# Records shown

- - - - - - -

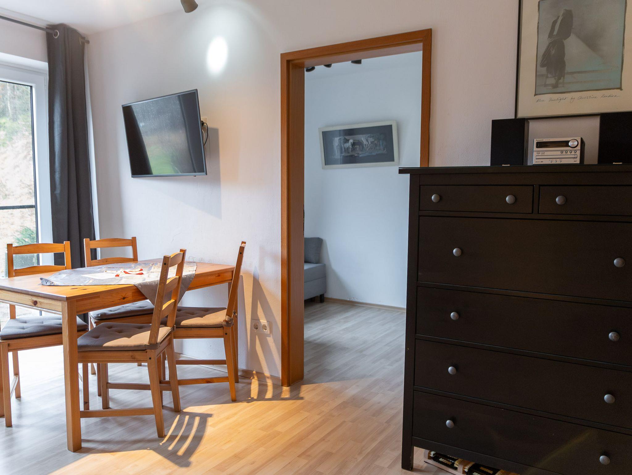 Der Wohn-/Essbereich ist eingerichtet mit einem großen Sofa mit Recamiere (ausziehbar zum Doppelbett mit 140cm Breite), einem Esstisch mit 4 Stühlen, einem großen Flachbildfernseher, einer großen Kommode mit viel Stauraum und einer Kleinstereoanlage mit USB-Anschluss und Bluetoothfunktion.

- - - - - - -

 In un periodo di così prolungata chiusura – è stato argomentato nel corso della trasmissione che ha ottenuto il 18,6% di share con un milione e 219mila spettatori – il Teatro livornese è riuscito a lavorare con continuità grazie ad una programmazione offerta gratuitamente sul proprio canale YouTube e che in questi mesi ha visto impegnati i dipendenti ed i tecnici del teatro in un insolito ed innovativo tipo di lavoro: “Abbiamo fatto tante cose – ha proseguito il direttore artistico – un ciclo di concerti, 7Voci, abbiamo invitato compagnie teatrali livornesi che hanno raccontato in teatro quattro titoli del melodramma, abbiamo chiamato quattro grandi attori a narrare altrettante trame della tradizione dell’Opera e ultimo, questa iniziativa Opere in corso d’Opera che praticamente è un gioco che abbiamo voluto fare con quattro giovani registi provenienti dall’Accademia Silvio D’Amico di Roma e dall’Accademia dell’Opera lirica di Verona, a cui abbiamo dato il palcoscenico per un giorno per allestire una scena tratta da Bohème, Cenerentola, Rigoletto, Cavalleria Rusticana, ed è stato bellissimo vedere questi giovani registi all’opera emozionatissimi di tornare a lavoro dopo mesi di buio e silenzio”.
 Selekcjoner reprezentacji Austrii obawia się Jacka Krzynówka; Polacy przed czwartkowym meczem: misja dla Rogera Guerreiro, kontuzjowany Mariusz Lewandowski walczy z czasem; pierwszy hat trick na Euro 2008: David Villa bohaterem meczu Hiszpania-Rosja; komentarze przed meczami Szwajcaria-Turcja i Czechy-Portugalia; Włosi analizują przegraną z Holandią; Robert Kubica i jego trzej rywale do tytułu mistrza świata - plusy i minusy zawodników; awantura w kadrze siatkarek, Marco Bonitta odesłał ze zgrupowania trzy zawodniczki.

- - - - - - -

# What to do
Please give an exact copy of the entries above, from the line with "In un periodo" down to the line with "Selekcjoner reprezentacji Austrii", inclusive, and nothing else.

# Exercise solution
 In un periodo di così prolungata chiusura – è stato argomentato nel corso della trasmissione che ha ottenuto il 18,6% di share con un milione e 219mila spettatori – il Teatro livornese è riuscito a lavorare con continuità grazie ad una programmazione offerta gratuitamente sul proprio canale YouTube e che in questi mesi ha visto impegnati i dipendenti ed i tecnici del teatro in un insolito ed innovativo tipo di lavoro: “Abbiamo fatto tante cose – ha proseguito il direttore artistico – un ciclo di concerti, 7Voci, abbiamo invitato compagnie teatrali livornesi che hanno raccontato in teatro quattro titoli del melodramma, abbiamo chiamato quattro grandi attori a narrare altrettante trame della tradizione dell’Opera e ultimo, questa iniziativa Opere in corso d’Opera che praticamente è un gioco che abbiamo voluto fare con quattro giovani registi provenienti dall’Accademia Silvio D’Amico di Roma e dall’Accademia dell’Opera lirica di Verona, a cui abbiamo dato il palcoscenico per un giorno per allestire una scena tratta da Bohème, Cenerentola, Rigoletto, Cavalleria Rusticana, ed è stato bellissimo vedere questi giovani registi all’opera emozionatissimi di tornare a lavoro dopo mesi di buio e silenzio”.
 Selekcjoner reprezentacji Austrii obawia się Jacka Krzynówka; Polacy przed czwartkowym meczem: misja dla Rogera Guerreiro, kontuzjowany Mariusz Lewandowski walczy z czasem; pierwszy hat trick na Euro 2008: David Villa bohaterem meczu Hiszpania-Rosja; komentarze przed meczami Szwajcaria-Turcja i Czechy-Portugalia; Włosi analizują przegraną z Holandią; Robert Kubica i jego trzej rywale do tytułu mistrza świata - plusy i minusy zawodników; awantura w kadrze siatkarek, Marco Bonitta odesłał ze zgrupowania trzy zawodniczki.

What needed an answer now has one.